What Are Your Chances of Winning??

In this well-known Canadian lottery, six different numbers are randomly drawn from a set of balls with numbers 1 through 49. What are your chances of holding a winning ticket?

The number of different ticket combinations can be determined by using:

49C6 = 13,983,816

(Notice we are using combinations, since the
order or arrangement of the numbers doesn't matter)

So you have one chance in 13,983,816 of holding the winning ticket. This probability is 0.0000000715
The more tickets you buy, the greater your chance of winning, of course.
Suppose you buy 50 tickets (which will cost you $50). Your chances of winning go up ...they're now a whopping 50 out of 13,983,816, for a probability of 0.000003575 (not much of an improvement!)

What about the probability of winning anything? Let's work out your chances of matching anything at all!



The probability of matching NONE of the six numbers is:
43C6 x 6C0 over 49C6
43C6 is the number of ways of choosing from numbers not on your ticket,
6C0 is the number of ways of choosing the six losers on your ticket,
49C6 is the total number of ways to choose 6 balls
This works out to be 0.436, or 43.6% ... this means about half the time, NONE of your numbers will match!

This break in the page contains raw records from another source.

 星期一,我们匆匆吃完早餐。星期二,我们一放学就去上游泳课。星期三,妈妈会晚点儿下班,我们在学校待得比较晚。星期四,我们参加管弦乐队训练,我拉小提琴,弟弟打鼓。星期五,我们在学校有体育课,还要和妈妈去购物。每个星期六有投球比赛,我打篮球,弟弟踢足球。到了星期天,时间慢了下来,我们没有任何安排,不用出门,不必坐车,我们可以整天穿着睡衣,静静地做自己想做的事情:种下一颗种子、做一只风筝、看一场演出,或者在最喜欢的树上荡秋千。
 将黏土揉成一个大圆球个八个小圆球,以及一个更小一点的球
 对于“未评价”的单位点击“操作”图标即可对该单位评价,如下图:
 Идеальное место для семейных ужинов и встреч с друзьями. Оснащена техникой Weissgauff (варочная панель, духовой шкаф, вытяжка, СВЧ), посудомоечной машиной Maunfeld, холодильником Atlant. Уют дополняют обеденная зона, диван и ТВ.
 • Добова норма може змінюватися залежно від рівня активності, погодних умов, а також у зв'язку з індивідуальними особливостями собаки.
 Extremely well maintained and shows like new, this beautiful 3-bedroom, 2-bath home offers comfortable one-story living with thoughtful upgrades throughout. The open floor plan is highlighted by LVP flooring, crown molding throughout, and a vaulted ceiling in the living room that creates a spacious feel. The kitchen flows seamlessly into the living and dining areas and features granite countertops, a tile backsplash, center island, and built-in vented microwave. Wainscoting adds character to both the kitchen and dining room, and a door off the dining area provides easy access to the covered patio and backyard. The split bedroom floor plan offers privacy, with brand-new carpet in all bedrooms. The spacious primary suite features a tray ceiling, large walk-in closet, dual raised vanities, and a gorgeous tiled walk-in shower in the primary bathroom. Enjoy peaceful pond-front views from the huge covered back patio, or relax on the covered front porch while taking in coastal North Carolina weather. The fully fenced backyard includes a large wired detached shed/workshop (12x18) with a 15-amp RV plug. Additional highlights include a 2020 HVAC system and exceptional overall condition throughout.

Similarly, the probability of matching ONE of the six numbers is:
43C5 x 6C1 over 49C6
This works out to be 0.413, or 41.3% ... this is the probability of matching ONE number.




The probability of matching TWO of the six numbers is:
43C4 x 6C2 over 49C6
This works out to be 0.132, or 13.2% ... this is the probability of matching TWO number.

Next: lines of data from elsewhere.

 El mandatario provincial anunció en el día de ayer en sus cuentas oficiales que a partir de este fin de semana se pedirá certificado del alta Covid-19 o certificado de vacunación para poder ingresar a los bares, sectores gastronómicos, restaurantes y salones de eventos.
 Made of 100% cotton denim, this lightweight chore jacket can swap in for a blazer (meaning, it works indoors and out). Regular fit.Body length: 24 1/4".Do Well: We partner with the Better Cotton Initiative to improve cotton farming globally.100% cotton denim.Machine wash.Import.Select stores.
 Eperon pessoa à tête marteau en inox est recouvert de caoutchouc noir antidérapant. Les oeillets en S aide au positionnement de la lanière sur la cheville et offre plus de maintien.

None of these results pay anything at all. If you add the three probabilities, you get 98.1%
This means that 98% of the time, you won't win anything!


The first winning ticket is the one where you match THREE numbers. The probability of this occurring (using the method above once again) turns out to be 0.018, or 1.8%, or about 2 out of 100, or about 1 out of 50. This means you must spend about $50 on average, to hope to win the $10.

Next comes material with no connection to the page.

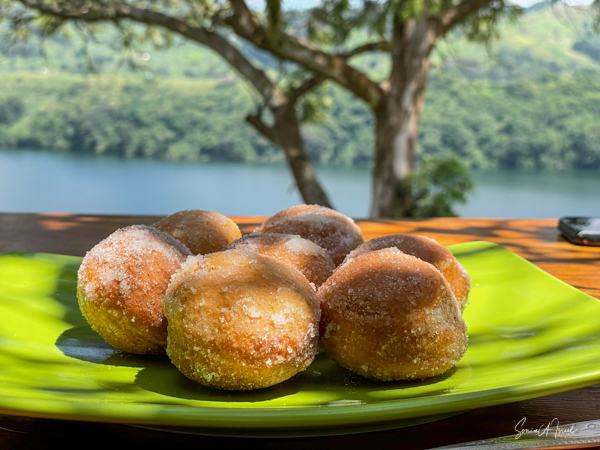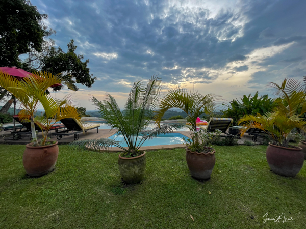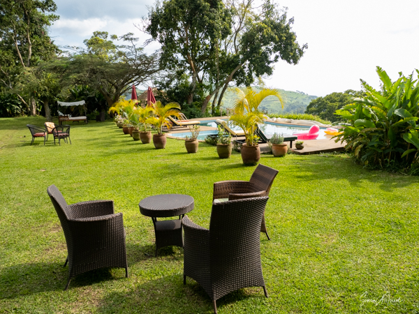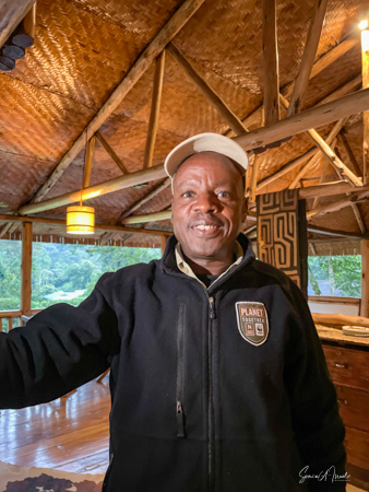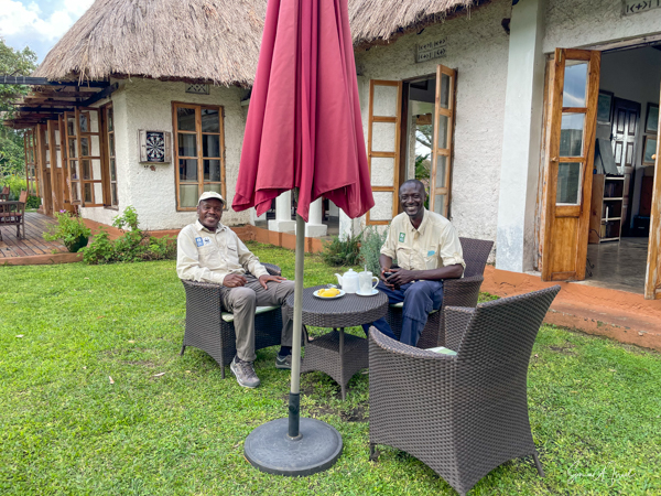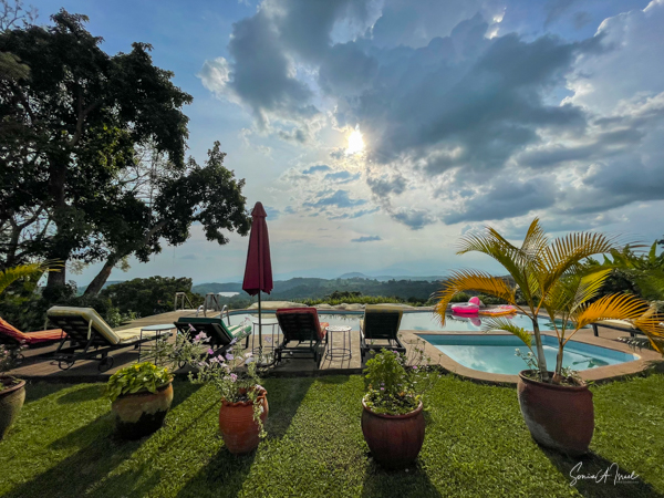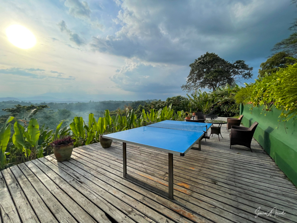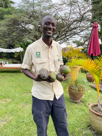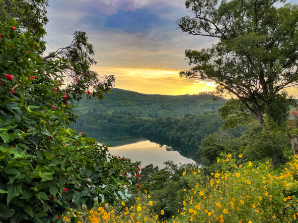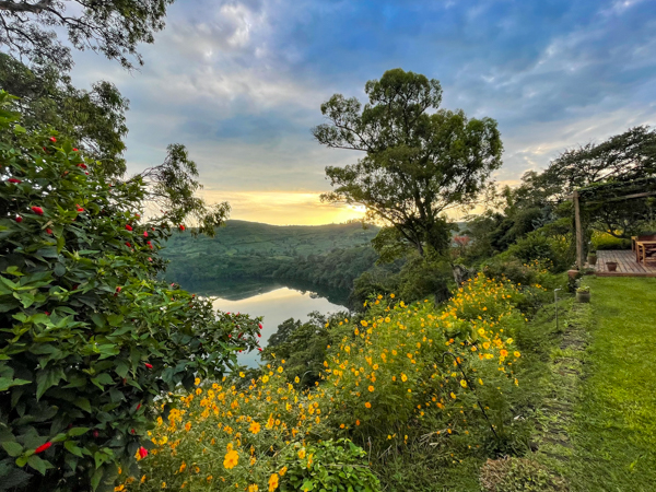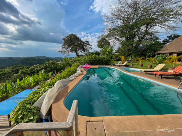 The lodge and grounds are beautiful, on one side overlooking the Rwenzori mountains on the border with the Congo (with beautiful sunsets) and on the other overlooking Lake Nyinambuga (with beautiful sunrises), part of the Buyuruguru Crater Lakes. The grounds include a swimming pool (which I enjoyed daily), a sauna with a wood burning stove (which I also enjoyed), a ping pong table, full gym (the treks were enough exercise for me!), and access to the lake for paddle boarding or hiking or swimming. There were fruit trees, including an avocado tree with huge avocados which Sulai enjoyed picking.

Are you beginning to get the picture? Your chances of winning the big prize are next to nothing, and the chances of winning even $10 are only one in fifty.
Yet people win all the time, of course, because millions of tickets are sold every week, and somebody has to win the prizes. It's just not very likely that it will be any one person in particular (ie: you!)

By the way, if you play Lotto 649 twice a week, every week, for the next thousand years, your chances of winning the big jackpot are still only about one percent!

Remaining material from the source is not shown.